____ MATERIAL FOR THIS TASK

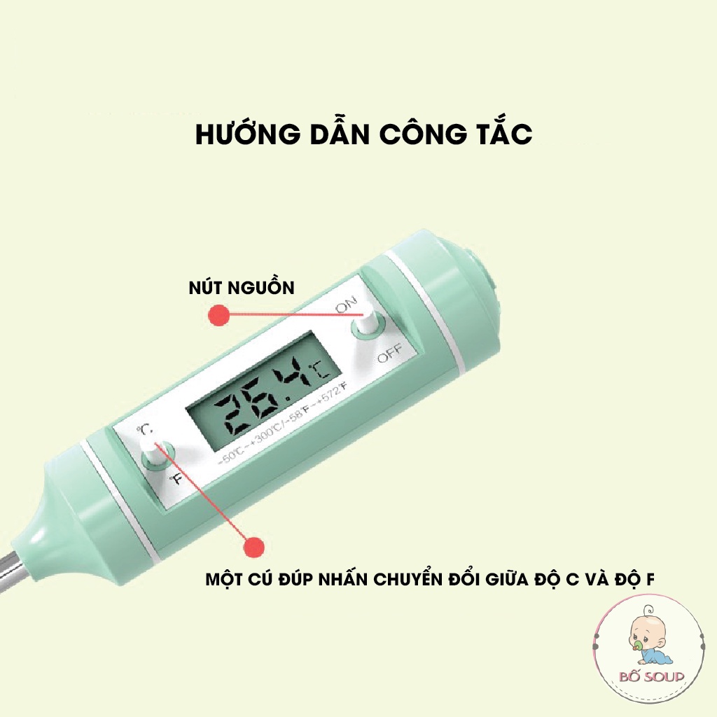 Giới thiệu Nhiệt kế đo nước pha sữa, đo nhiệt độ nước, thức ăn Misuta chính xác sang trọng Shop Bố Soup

________
____ MATERIAL FOR THIS TASK

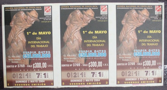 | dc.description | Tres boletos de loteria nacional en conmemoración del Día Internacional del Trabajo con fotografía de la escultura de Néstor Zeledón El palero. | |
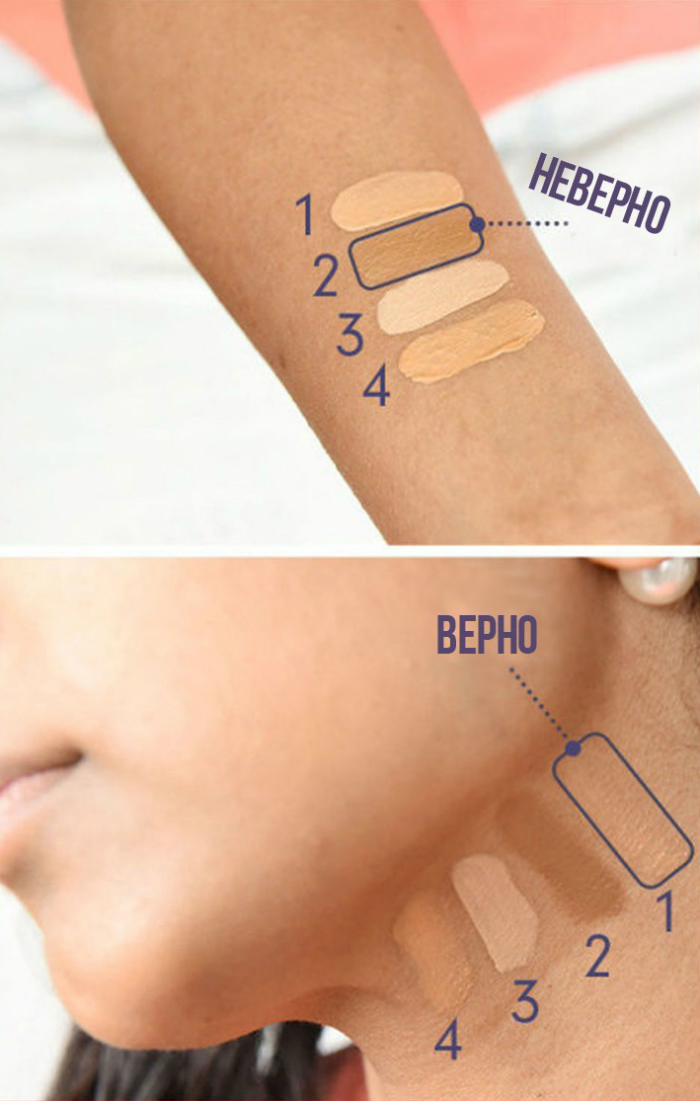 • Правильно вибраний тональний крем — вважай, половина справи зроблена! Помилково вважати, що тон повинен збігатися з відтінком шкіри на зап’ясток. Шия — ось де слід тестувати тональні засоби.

________

[YOUR TASK]:
From the records above, transcribe exactly the lines starting at the one containing "palero. | |" and ending at the one containing "тестувати тональні засоби.". Skip the pictures.

[COMPLETED EXERCISE]:
 | dc.description | Tres boletos de loteria nacional en conmemoración del Día Internacional del Trabajo con fotografía de la escultura de Néstor Zeledón El palero. | |
 • Правильно вибраний тональний крем — вважай, половина справи зроблена! Помилково вважати, що тон повинен збігатися з відтінком шкіри на зап’ясток. Шия — ось де слід тестувати тональні засоби.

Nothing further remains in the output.